Nouvelle-Calédonie : la réforme constitutionnelle rejetée en commission à l’Assemblée

Nouvelle-Calédonie : la réforme constitutionnelle rejetée en commission à l’Assemblée

Les députés ont rejeté, mercredi 25 mars en commission des lois, la réforme constitutionnelle du statut de la Nouvelle-Calédonie. Ce rejet intervient une semaine avant l’examen du texte en séance publique, qui s’annonce tout aussi complexe pour l’exécutif. Les groupes de gauche et le Rassemblement national, opposés au projet dans son ensemble, ont successivement repoussé chaque article.

Adoptée au Sénat, cette réforme vise à mettre en œuvre l’accord dit « de Bougival », signé à l’été 2025 entre le gouvernement et les forces politiques locales, et complété par un accord « Elysée-Oudinot » en janvier. Elle prévoit l’organisation d’un référendum local avant le 26 juillet, où les électeurs calédoniens devront approuver ou rejeter l’accord qui prévoit la création d’un « État de la Nouvelle-Calédonie » doté d’une nationalité propre.

L’exécutif estime qu’un accord institutionnel est essentiel pour ramener une forme de stabilité sur le « Caillou », près de deux ans après des émeutes qui avaient fait 14 morts et causé plus de 2 milliards d’euros de dégâts. Cependant, les dispositions de la réforme sont contestées, notamment à gauche, en raison de l’opposition du FLNKS, principal mouvement indépendantiste kanak. Le groupe écologiste a déclaré : « On ne bâtit pas un avenir commun sur un accord que rejette l’un de ses principaux signataires. »

Naïma Moutchou, ministre des outre-mer, a affirmé que « cinq forces politiques sur six se sont accordées » sur le processus, malgré l’opposition du FLNKS. Les tensions se concentrent également sur la question des élections provinciales, déjà reportées trois fois depuis mai 2024. Elles doivent se tenir avant fin juin, mais la réforme propose un quatrième report à fin 2026, ce que ni la gauche ni le Rassemblement national ne souhaitent approuver.

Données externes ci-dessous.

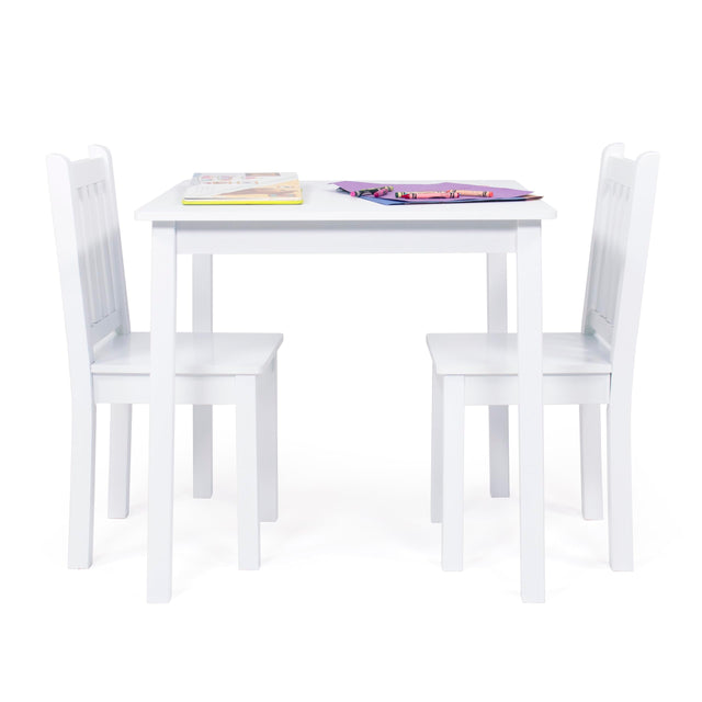 La mesa de madera cuadrada Humble Crew y el juego de 2 sillas son robustos, elegantes y fáciles de limpiar, y tienen el tamaño perfecto para satisfacer las necesidades de sus hijos, en pleno crecimiento. Esta mesa para niños con su juego de sillas puede utilizarse como mesa de estudio para hacer los deberes, como centro de actividades para arte y manualidades, o para jugar a juegos de mesa. También es una gran solución para aprender en casa, sobre todo para que los niños en edad escolar puedan asistir a sus clases on-line desde casa. Este conjunto incluye una mesa cuadrada y dos sillas, con un acabado moderno y versátil que complementará a la perfección la decoración de su casa. A la hora del aperitivo o cuando sea momento de jugar: este conjunto se convertirá rápidamente en el lugar favorito de la casa para sus hijos, donde podrán colorear, hacer puzzles, celebrar meriendas, jugar con coches y camiones, y mucho más. Este mobiliario tiene un montaje muy sencillo, e incluye todo lo necesario para ello. Este resistente conjunto de mesa y sillas cuenta con unas robustas patas de madera para una mayor estabilidad y durabilidad, y tiene el tamaño ideal para chicos y chicas entre 6 y 10 años. Tamaño del producto – Altura de la mesa: 58 cm Tablero: An 60 x Pr 60 cm Sillas: An 30 x Pr 30 x Al 66 cm Altura del asiento de las sillas: 33 cm Cada silla soporta hasta 31 kg

Une des principales controverses concerne le corps électoral. Actuellement réservé aux personnes installées sur le Caillou avant 1998 et leurs descendants, le droit de vote serait élargi, suscitant des inquiétudes chez les indépendantistes face à une possible dilution du vote kanak. Nicolas Metzdorf, député non indépendantiste, a averti : « Si les élections provinciales se tiennent en excluant encore des milliers de gens du droit de vote, ça ne pourra pas bien se passer. » À l’inverse, Emmanuel Tjibaou, un autre député, a plaidé pour la tenue rapide des élections avec un corps électoral inchangé.

Des sources gouvernementales craignent une impasse si la gauche et le Rassemblement national maintiennent leur opposition, anticipant également des manœuvres d’obstruction de la part de La France insoumise.